▶ [DATA PROVIDED]
◆ ◆ ◆ ◆ ◆
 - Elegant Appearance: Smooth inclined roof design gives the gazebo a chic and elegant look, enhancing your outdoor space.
◆ ◆ ◆ ◆ ◆
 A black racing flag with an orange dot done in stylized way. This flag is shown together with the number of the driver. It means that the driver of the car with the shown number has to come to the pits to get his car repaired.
◆ ◆ ◆ ◆ ◆
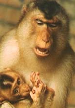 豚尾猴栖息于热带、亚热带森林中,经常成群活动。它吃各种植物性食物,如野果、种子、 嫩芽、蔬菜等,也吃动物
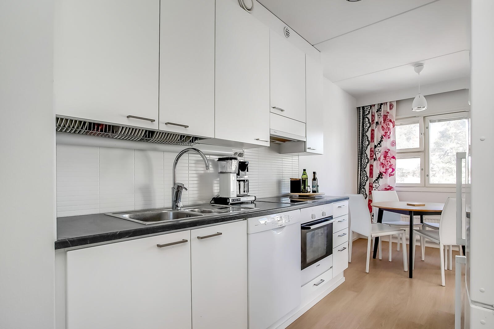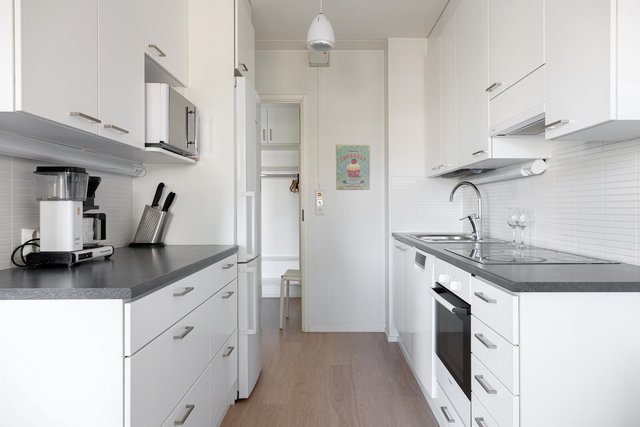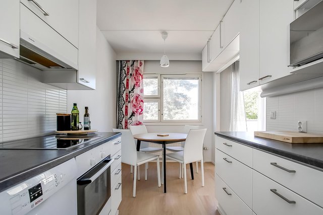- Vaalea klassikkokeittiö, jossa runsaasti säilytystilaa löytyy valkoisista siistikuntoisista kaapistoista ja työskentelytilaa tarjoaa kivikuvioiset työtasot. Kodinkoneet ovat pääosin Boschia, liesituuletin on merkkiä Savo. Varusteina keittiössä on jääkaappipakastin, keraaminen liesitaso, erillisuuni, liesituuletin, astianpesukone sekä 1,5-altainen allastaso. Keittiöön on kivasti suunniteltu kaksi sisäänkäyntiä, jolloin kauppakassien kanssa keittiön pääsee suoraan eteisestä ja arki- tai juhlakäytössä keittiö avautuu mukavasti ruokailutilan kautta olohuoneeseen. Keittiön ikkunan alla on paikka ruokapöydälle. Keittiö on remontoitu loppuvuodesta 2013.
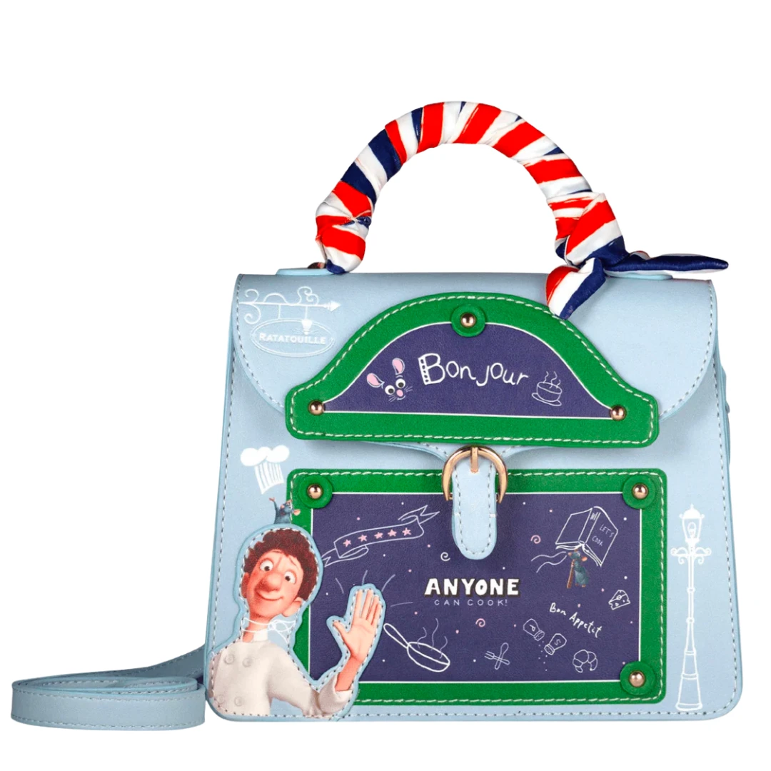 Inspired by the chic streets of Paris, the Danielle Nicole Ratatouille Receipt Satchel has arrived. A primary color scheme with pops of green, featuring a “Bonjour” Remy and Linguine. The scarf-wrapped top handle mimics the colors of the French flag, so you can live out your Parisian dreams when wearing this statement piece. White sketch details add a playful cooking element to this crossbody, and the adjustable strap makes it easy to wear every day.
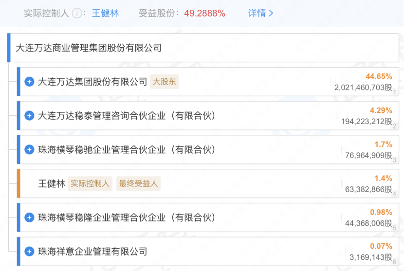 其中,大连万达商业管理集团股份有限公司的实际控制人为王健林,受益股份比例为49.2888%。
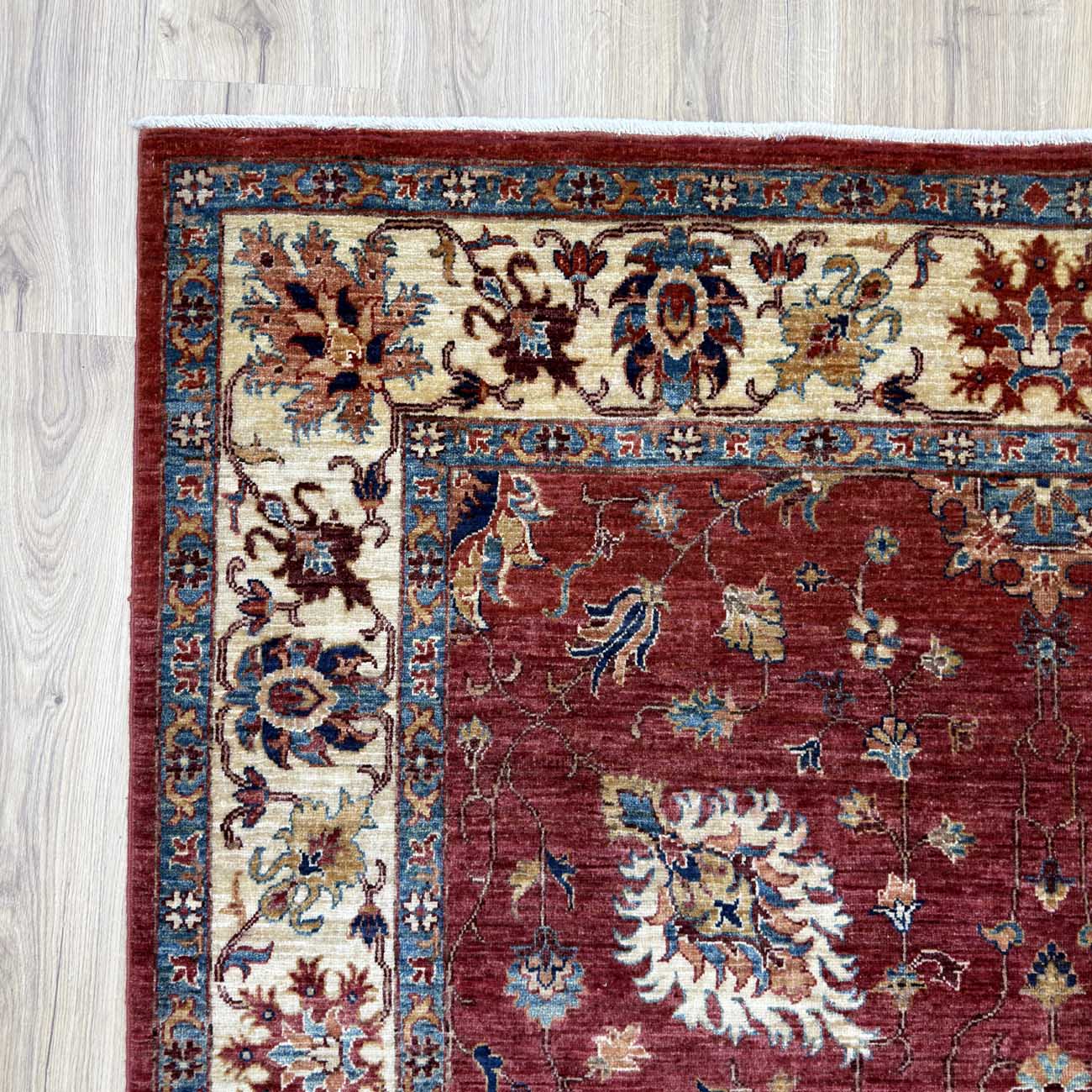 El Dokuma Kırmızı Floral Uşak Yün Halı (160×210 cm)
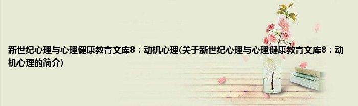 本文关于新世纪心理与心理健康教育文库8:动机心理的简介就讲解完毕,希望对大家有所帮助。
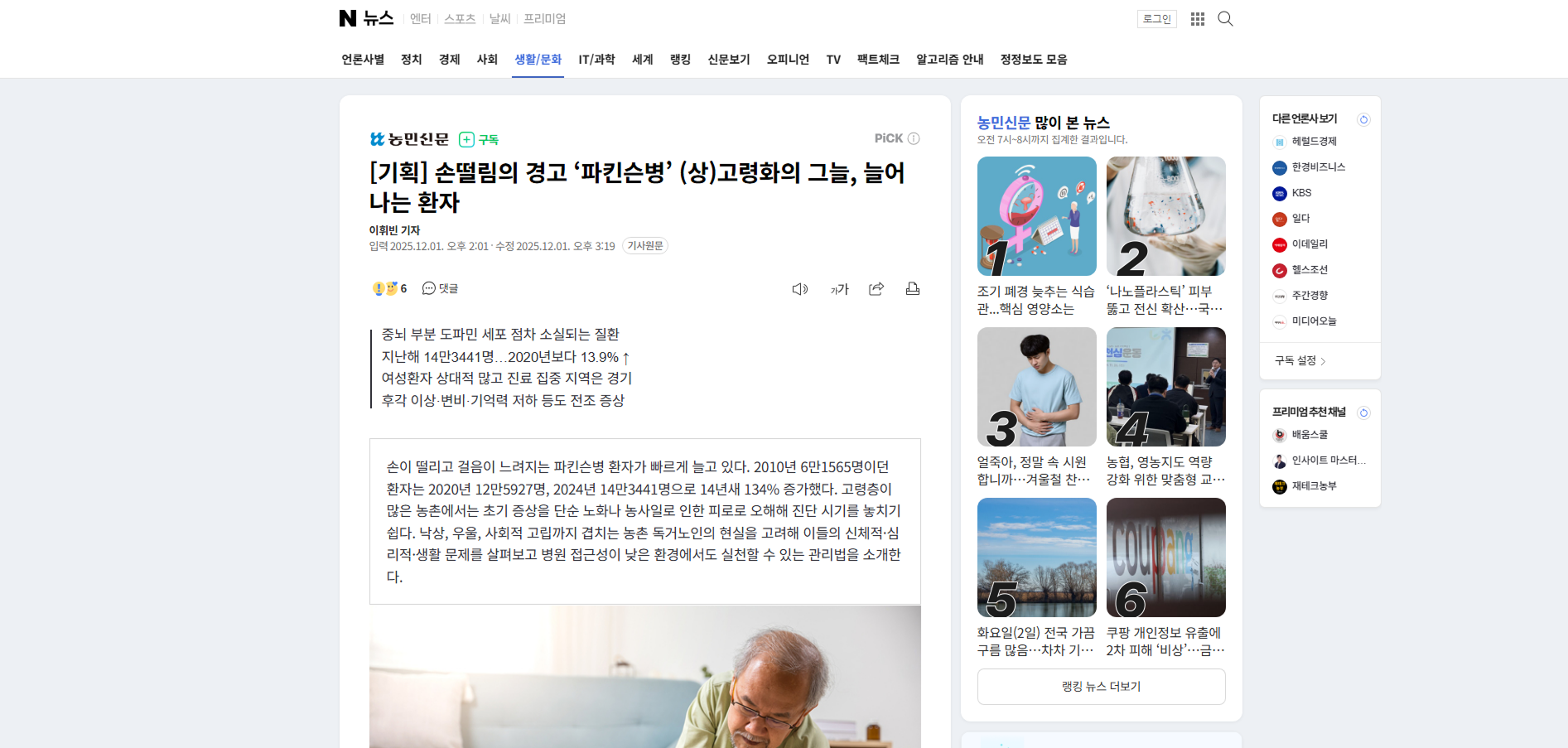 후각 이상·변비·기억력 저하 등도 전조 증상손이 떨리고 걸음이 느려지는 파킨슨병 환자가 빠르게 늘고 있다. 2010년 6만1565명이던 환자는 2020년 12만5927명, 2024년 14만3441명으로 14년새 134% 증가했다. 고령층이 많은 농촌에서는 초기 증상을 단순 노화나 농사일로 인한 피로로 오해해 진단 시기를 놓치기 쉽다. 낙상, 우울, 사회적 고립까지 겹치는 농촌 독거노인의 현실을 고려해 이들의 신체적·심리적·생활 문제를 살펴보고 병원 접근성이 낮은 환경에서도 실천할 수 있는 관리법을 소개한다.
◆ ◆ ◆ ◆ ◆
▶ [WHAT THIS TASK INVOLVES]
Your copy should hold only the lines above from the one containing "Inspired by the" through the one containing "후각 이상·변비·기억력 저하", exactly as written and free of pictures.

▶ [SOLUTION FOR THIS TASK]
 Inspired by the chic streets of Paris, the Danielle Nicole Ratatouille Receipt Satchel has arrived. A primary color scheme with pops of green, featuring a “Bonjour” Remy and Linguine. The scarf-wrapped top handle mimics the colors of the French flag, so you can live out your Parisian dreams when wearing this statement piece. White sketch details add a playful cooking element to this crossbody, and the adjustable strap makes it easy to wear every day.
 其中,大连万达商业管理集团股份有限公司的实际控制人为王健林,受益股份比例为49.2888%。
 El Dokuma Kırmızı Floral Uşak Yün Halı (160×210 cm)
 本文关于新世纪心理与心理健康教育文库8:动机心理的简介就讲解完毕,希望对大家有所帮助。
 후각 이상·변비·기억력 저하 등도 전조 증상손이 떨리고 걸음이 느려지는 파킨슨병 환자가 빠르게 늘고 있다. 2010년 6만1565명이던 환자는 2020년 12만5927명, 2024년 14만3441명으로 14년새 134% 증가했다. 고령층이 많은 농촌에서는 초기 증상을 단순 노화나 농사일로 인한 피로로 오해해 진단 시기를 놓치기 쉽다. 낙상, 우울, 사회적 고립까지 겹치는 농촌 독거노인의 현실을 고려해 이들의 신체적·심리적·생활 문제를 살펴보고 병원 접근성이 낮은 환경에서도 실천할 수 있는 관리법을 소개한다.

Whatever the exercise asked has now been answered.